*TASK GOAL*. When the line containing "Ο πίνακας του" is found in the data below, copy it and each line after it through the line containing "Five British Army", exactly and with no others.

━━━ INPUT

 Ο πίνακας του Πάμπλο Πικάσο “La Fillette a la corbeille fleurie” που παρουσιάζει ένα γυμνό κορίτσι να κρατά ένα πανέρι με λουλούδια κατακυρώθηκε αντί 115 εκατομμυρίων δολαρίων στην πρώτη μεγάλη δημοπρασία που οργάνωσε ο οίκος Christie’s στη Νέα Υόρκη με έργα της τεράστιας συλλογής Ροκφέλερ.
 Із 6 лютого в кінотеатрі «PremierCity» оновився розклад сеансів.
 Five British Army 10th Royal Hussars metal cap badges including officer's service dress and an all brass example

━━━━━━
━━━ INPUT

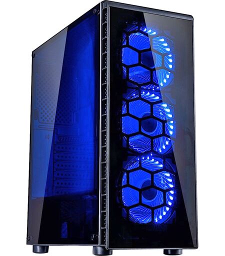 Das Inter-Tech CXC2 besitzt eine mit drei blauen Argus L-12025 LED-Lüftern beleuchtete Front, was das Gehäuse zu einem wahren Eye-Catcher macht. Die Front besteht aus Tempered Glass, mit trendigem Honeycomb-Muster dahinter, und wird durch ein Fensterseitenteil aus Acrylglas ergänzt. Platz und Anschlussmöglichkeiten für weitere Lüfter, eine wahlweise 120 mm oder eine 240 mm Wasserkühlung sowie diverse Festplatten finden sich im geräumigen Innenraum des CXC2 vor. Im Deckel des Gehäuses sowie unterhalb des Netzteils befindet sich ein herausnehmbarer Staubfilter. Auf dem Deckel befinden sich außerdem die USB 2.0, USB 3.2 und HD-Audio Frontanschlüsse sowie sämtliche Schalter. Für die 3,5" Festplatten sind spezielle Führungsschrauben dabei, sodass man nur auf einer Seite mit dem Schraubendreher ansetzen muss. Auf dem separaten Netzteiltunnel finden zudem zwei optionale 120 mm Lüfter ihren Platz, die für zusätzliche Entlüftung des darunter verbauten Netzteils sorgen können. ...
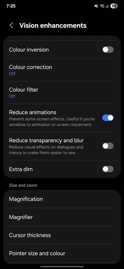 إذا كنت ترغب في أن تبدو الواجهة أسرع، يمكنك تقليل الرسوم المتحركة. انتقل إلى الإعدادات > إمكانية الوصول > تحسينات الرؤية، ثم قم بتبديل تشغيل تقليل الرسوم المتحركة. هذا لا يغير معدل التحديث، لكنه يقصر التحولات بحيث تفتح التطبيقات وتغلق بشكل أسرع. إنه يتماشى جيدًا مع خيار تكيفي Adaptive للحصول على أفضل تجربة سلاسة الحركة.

━━━━━━
━━━ INPUT

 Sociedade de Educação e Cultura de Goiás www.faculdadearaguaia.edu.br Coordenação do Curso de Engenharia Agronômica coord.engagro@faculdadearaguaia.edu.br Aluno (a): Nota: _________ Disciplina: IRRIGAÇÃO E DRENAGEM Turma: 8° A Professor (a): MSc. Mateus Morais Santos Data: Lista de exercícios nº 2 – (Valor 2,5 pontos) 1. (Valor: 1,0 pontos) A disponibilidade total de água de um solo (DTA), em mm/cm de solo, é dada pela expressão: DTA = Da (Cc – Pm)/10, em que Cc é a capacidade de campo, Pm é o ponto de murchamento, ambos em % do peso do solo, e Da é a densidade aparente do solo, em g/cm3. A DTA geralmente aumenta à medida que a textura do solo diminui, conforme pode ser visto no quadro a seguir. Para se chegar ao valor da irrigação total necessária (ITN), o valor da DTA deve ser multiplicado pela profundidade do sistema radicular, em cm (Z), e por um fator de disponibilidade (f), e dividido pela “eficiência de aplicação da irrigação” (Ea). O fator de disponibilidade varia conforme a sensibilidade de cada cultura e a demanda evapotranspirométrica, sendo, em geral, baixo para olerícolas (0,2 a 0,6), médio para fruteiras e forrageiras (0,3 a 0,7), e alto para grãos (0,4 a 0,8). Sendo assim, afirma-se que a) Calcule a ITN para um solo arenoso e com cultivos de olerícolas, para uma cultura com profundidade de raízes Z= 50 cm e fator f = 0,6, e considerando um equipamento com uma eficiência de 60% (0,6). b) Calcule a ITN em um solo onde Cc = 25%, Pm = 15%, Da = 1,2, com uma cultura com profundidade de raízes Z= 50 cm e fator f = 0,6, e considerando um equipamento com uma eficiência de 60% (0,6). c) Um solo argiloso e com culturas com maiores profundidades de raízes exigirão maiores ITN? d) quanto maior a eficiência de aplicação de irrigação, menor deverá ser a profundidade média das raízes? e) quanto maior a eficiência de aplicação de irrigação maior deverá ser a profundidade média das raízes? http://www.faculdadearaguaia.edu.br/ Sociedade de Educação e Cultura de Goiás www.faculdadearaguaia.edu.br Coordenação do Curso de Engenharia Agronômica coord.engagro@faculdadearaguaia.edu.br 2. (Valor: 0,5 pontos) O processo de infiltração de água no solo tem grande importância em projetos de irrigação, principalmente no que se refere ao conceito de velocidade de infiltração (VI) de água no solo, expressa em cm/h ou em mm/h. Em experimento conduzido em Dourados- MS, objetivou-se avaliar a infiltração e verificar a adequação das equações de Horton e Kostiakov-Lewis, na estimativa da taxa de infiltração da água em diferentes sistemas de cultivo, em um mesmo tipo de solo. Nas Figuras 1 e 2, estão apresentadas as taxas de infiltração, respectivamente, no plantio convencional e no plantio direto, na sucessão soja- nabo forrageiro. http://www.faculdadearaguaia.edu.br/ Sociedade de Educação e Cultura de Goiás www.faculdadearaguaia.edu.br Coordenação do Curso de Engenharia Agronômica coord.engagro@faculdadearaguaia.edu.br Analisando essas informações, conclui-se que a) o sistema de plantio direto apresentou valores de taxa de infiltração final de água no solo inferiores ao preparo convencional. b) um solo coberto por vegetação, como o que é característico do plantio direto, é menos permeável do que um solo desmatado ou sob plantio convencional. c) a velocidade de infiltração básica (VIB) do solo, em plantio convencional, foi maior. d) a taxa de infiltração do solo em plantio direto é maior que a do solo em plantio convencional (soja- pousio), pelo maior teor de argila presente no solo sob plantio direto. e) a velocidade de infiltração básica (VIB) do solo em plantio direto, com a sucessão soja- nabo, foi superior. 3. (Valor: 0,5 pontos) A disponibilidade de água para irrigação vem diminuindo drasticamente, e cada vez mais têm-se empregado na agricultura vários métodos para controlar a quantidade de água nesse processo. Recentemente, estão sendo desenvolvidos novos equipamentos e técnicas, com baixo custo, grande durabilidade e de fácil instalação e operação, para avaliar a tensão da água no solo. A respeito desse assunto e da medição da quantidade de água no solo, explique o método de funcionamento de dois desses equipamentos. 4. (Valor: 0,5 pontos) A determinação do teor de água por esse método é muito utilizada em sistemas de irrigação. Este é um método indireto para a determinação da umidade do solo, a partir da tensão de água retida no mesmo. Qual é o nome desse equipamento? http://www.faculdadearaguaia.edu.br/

━━━━━━

*RESULT FOR THIS TASK*.
 Ο πίνακας του Πάμπλο Πικάσο “La Fillette a la corbeille fleurie” που παρουσιάζει ένα γυμνό κορίτσι να κρατά ένα πανέρι με λουλούδια κατακυρώθηκε αντί 115 εκατομμυρίων δολαρίων στην πρώτη μεγάλη δημοπρασία που οργάνωσε ο οίκος Christie’s στη Νέα Υόρκη με έργα της τεράστιας συλλογής Ροκφέλερ.
 Із 6 лютого в кінотеатрі «PremierCity» оновився розклад сеансів.
 Five British Army 10th Royal Hussars metal cap badges including officer's service dress and an all brass example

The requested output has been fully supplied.